***** PROVIDED DATA *****

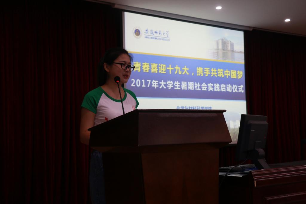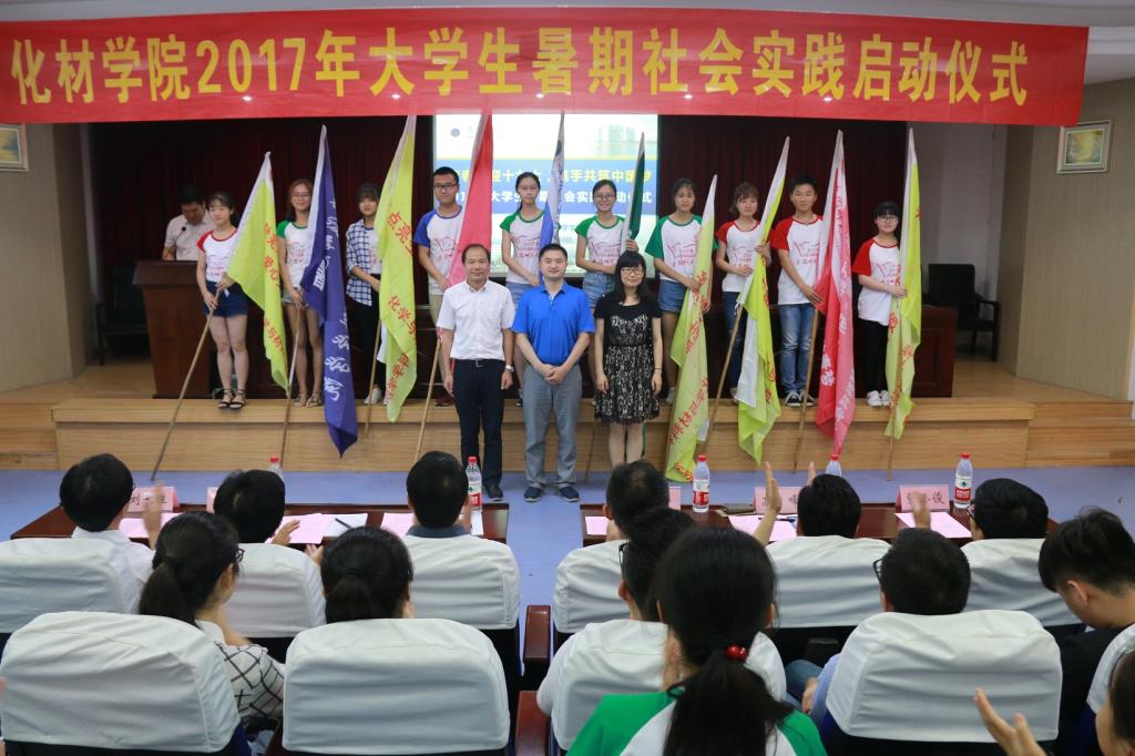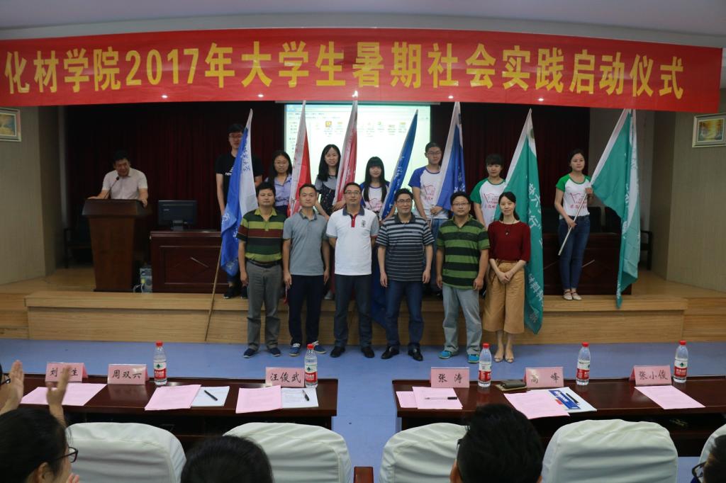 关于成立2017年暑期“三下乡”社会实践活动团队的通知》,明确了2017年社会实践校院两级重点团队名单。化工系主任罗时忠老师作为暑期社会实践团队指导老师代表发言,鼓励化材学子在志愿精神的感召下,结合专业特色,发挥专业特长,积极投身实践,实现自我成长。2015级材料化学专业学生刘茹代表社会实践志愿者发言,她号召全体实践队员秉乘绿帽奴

*****
***** PROVIDED DATA *****

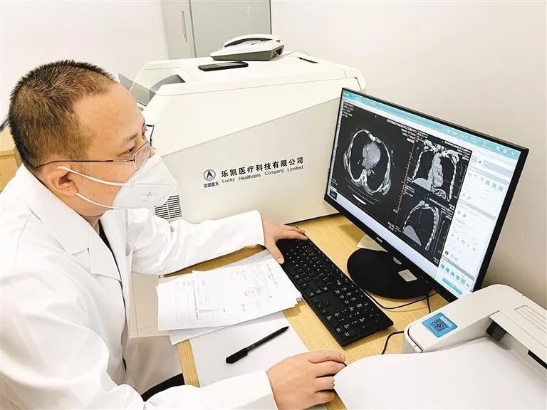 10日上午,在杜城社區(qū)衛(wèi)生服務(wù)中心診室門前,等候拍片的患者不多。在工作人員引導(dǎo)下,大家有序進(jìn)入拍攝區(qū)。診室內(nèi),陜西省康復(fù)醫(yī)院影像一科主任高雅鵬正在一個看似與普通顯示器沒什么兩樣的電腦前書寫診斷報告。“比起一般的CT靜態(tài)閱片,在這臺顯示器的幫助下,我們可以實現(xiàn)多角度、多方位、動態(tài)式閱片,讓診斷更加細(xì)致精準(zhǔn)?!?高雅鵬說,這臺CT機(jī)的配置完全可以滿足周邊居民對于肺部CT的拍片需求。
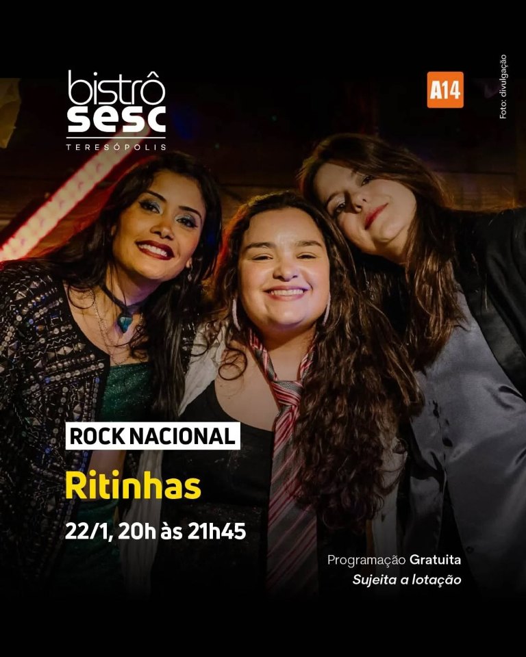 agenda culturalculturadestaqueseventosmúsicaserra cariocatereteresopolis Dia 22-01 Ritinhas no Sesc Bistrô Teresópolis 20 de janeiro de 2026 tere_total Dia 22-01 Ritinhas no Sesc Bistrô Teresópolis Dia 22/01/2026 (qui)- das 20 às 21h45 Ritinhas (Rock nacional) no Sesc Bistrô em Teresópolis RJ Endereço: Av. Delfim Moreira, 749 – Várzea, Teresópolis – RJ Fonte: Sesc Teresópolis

*****

### THE PROBLEM
Your answer must be everything above from the line with "10日上午,在杜城社區(qū" down to the line with "Fonte: Sesc Teresópolis", word for word, and no pictures.

### TASK RESPONSE
 10日上午,在杜城社區(qū)衛(wèi)生服務(wù)中心診室門前,等候拍片的患者不多。在工作人員引導(dǎo)下,大家有序進(jìn)入拍攝區(qū)。診室內(nèi),陜西省康復(fù)醫(yī)院影像一科主任高雅鵬正在一個看似與普通顯示器沒什么兩樣的電腦前書寫診斷報告。“比起一般的CT靜態(tài)閱片,在這臺顯示器的幫助下,我們可以實現(xiàn)多角度、多方位、動態(tài)式閱片,讓診斷更加細(xì)致精準(zhǔn)?!?高雅鵬說,這臺CT機(jī)的配置完全可以滿足周邊居民對于肺部CT的拍片需求。
 agenda culturalculturadestaqueseventosmúsicaserra cariocatereteresopolis Dia 22-01 Ritinhas no Sesc Bistrô Teresópolis 20 de janeiro de 2026 tere_total Dia 22-01 Ritinhas no Sesc Bistrô Teresópolis Dia 22/01/2026 (qui)- das 20 às 21h45 Ritinhas (Rock nacional) no Sesc Bistrô em Teresópolis RJ Endereço: Av. Delfim Moreira, 749 – Várzea, Teresópolis – RJ Fonte: Sesc Teresópolis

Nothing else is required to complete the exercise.